The debate, as reported in the press, got to the most basic and urgent issues. Michael Ruffin, pastor of First Baptist Church in Fitzgerald, argued that the GBC was practicing “selective creedal application” of the Baptist Faith & Message. In his words:
There are many, many, many more provisions in the Baptist Faith and Message . . . . I don’t want the GBC to become even more creedal in its application of the Baptist Faith and Message than it has on this one score. We really should consider the arbitrariness of such an application. I think we also ought to consider the possibility that if we get serious about holding every Georgia Baptist Convention church accountable to every line in the Baptist Faith and Message as we are this one, we’ll soon have no churches left.

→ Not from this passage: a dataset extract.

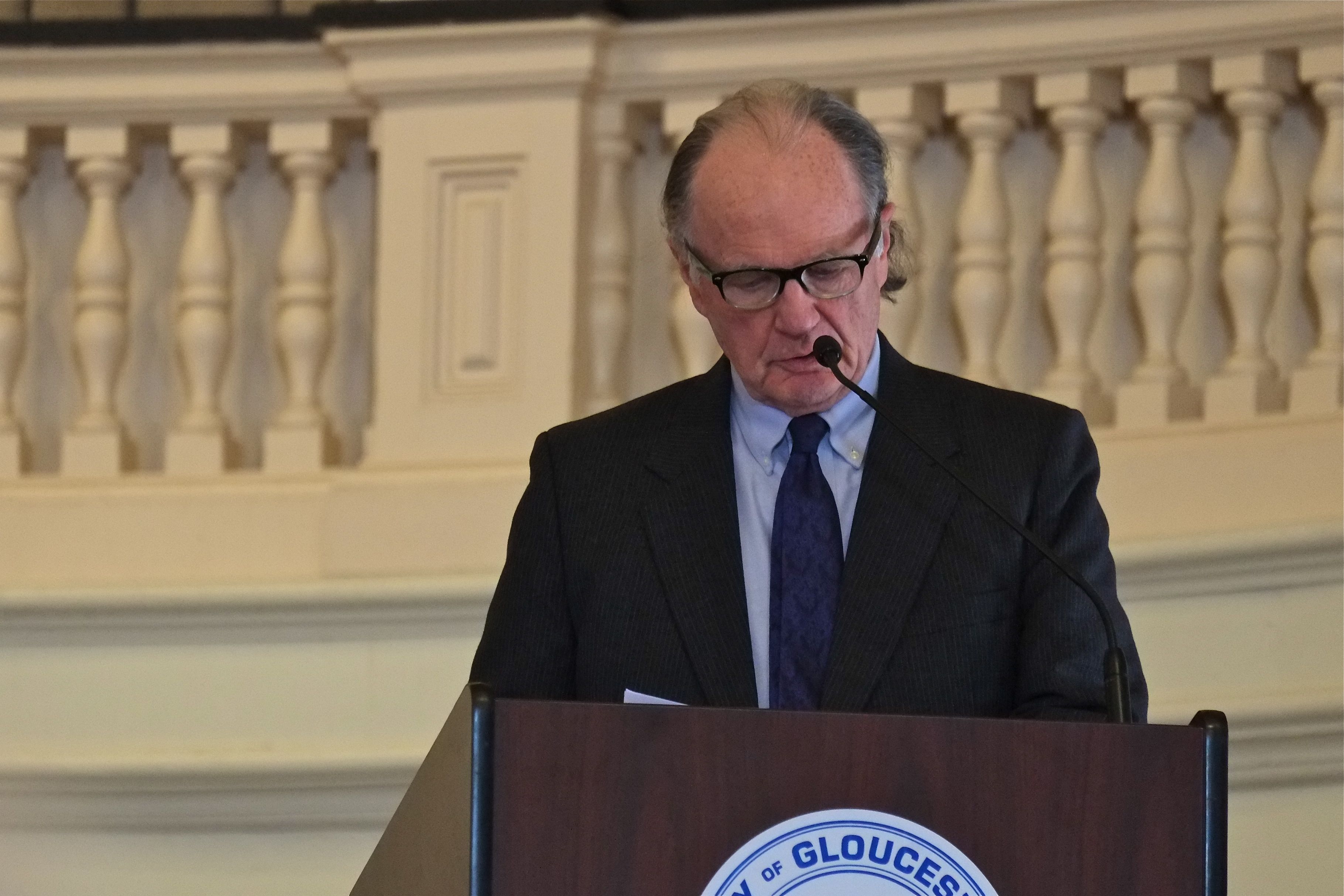 Poet Laureate John Ronan read his Gloucester-themed poem “We, Helmsman.”

It appears that Michael Ruffin is right. This is an example of selective creedal application. The GBC removed another church, First Baptist Church of Decatur, for the very same reason just last year. The issue of a woman serving as pastor has been the only issue on which the GBC has taken such an action in recent years.

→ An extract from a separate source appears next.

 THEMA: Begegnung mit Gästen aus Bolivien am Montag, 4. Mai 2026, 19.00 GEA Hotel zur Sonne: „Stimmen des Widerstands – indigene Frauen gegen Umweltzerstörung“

But, is selective creedal application wrong? The answer to that has to be both yes and no. No denominational body is equipped to deal with every issue in every meeting. The issue of a woman serving as pastor is a public statement that presented the GBC with an unavoidable decision. It would either stand by its own confession of faith, or it would, in effect, decide to abandon its own confessional identity.
Dr. Ruffin was honest in arguing that even as the GBC was undertaking a “selective creedal application” of the Baptist Faith & Message, he did not want the convention “to become even more creedal in its application of the Baptist Faith & Message than it has on this one score.” His argument is well recognized as stating the case against any regulative application of the confession of faith. His argument did not carry the day, nor should it have, but he presented his argument with consistency and honesty.
The truth is that denominational bodies will have to be more expansive in applying their own confessions of faith, or they will inevitably find themselves to have become an amalgamation of churches that are no longer standing together in common beliefs and doctrines. That would be a tragic abdication of responsibility.
The reality is that even greater challenges are certain to come. Doctrinal deviation is a real and present danger, as Southern Baptists have learned over the past half century and more. The future will require all Christians, Baptists included, to be more clear about our beliefs and common confession, or we will lose our theological integrity and Gospel faithfulness.
The application of confessional accountability undertaken by the Georgia Baptist Convention this week is a reminder of how Baptists hammered out their understanding of confessionalism in times past — and a sign of things even more difficult sure to come.
Bob Allen, “Georgia Baptists Oust Second Church with Woman Pastor, ” Associated Baptist Press, Tuesday, November 16, 2010.